D er Raum für zivilgesellschaftliche Arbeit wird durch staatliche Repression und den Aufschwung rechter Ideologien weltweit enger. Unter dem Schlagwort „shrinking spaces“ diskutierte Ottmar von Holtz bei VENRO über diesen beunruhigenden Trend.
Instrumente der Unterdrückung, aber auch Gegenstrategien und weiterhin bestehende Optionen für emanzipatorische Praxis waren Thema der Gesprächsrunde mit dem Grünen-Bundestagsabgeordneten, der unabhängigen Beraterin zum Thema Menschenrechte Elena Zacharenko und Barbara Unmüßig von der Heinrich-Böll-Stiftung.
Freie Zivilgesellschaft weltweit unter Druck
Barbara Unmüßig stellte dar, wie die politische Arbeit von Nichtregierungsorganisationen, sozialen Bewegungen und politischen Stiftungen ins Visier repressiver Regime gerät, die deren Einsatz für Demokratie, Frieden, Umweltschutz und Menschenrechte beschneiden wollen. Dies betreffe sowohl den Globalen Norden als auch den Globalen Süden. Direkte Repressionen nähmen zu, Journalisten landeten ohne Gerichtsverfahren im Gefängnis. Vertreter*innen von Nichtregierungsorganisationen aus dem Publikum ergänzten ihre direkten Erfahrungen mit weiteren Repressionsstrategien. Diese reichten von diffamierender Berichterstattung durch regierungstreue Medien über gängelnde Bürokratie bis zu Einschränkungen von Finanzierungsmöglichkeiten.
Besonders deutlich werde die „Krise der Demokratie“ beim Blick auf die Entwicklungen in den USA, Ungarn oder auch Polen, sagte Barbara Unmüßig. Mit Slogans wie „America first“ und dem Voranstellen ihrer nationalen Interessen trügen diese Länder maßgeblich zum Abbau des Multilateralismus und zum Rückgang internationaler Kooperation bei. Das Wegbrechen glaubhafter demokratischer Vorbilder führe leider auch dazu, dass weniger Druck auf repressive Staaten im Globalen Süden aufgebaut werden könne.
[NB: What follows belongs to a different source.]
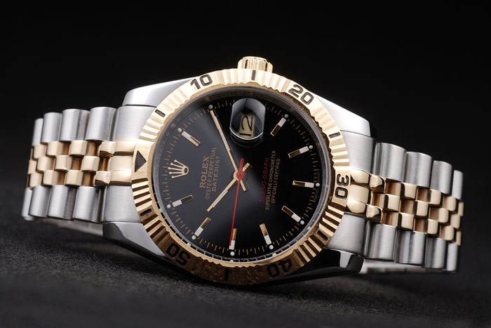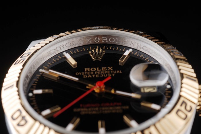 ロレックスのロゴを表示隠されたクラスプを刻まれた黒い分マーカーと18Kイエローゴールドメッキステンレス鋼のカットワークのベゼル

Elena Zacharenko betonte, dass die Regierungen in zunehmend nationalistisch und antidemokratisch agierenden Staaten trotzdem demokratisch gewählt seien und damit die Einengung zivilgesellschaftlichen Engagements zumindest teilweise Rückhalt in der Bevölkerung genieße. Ottmar von Holtz wies darauf hin, dass das Phänomen „shrinking spaces“ auch hierzulande erkennbar sei. Er nannte als Beispiel die zunehmende Stigmatisierung von Seenotrettungs-Initiativen für Flüchtlinge im Mittelmeer. Die von Rechten in die Welt gesetzte Mär der illegalen Schleusung durch die Seenotretter habe in erschreckend weiten Kreisen der Politik und Gesellschaft verfangen und erschwere die Arbeit der Aktivisten massiv.
Strategien für eine starke Zivilgesellschaft
Angesichts des teilweise düsteren Bildes plädierten die Diskutierenden für einen stärkeren Austausch fortschrittlicher gesellschaftlicher Akteure. In repressiven Staaten sei es zum Teil nötig, politisch aufgeladene Ausdrücke durch „neutralere“ Arbeitsbegriffe zu ersetzen, um eine Verfolgung zu umgehen. In Ländern wie Deutschland käme es hingegen darauf an, dass die Zivilgesellschaft sich offensiv und mit klaren Worten gegen diffamierende Sprache zu Wehr setze und lautstark für Demokratie und Menschenrechte eintrete.
Ottmar von Holtz betonte die Bedeutung der politischen Bildungsarbeit, um „shrinking spaces“ Einhalt zu gebieten und zitierte den Philosophen Oskar Negt: „Demokratie ist die einzige Staatsform, die gelernt werden muss.“. Die Bundesregierung sei in der Pflicht, die demokratische Beteiligung und Menschenrechte zu fördern, so von Holtz. Deutschland müsse eine menschenrechtsorientierte Politik verfolgen und sich dafür auf internationaler Ebene stark machen.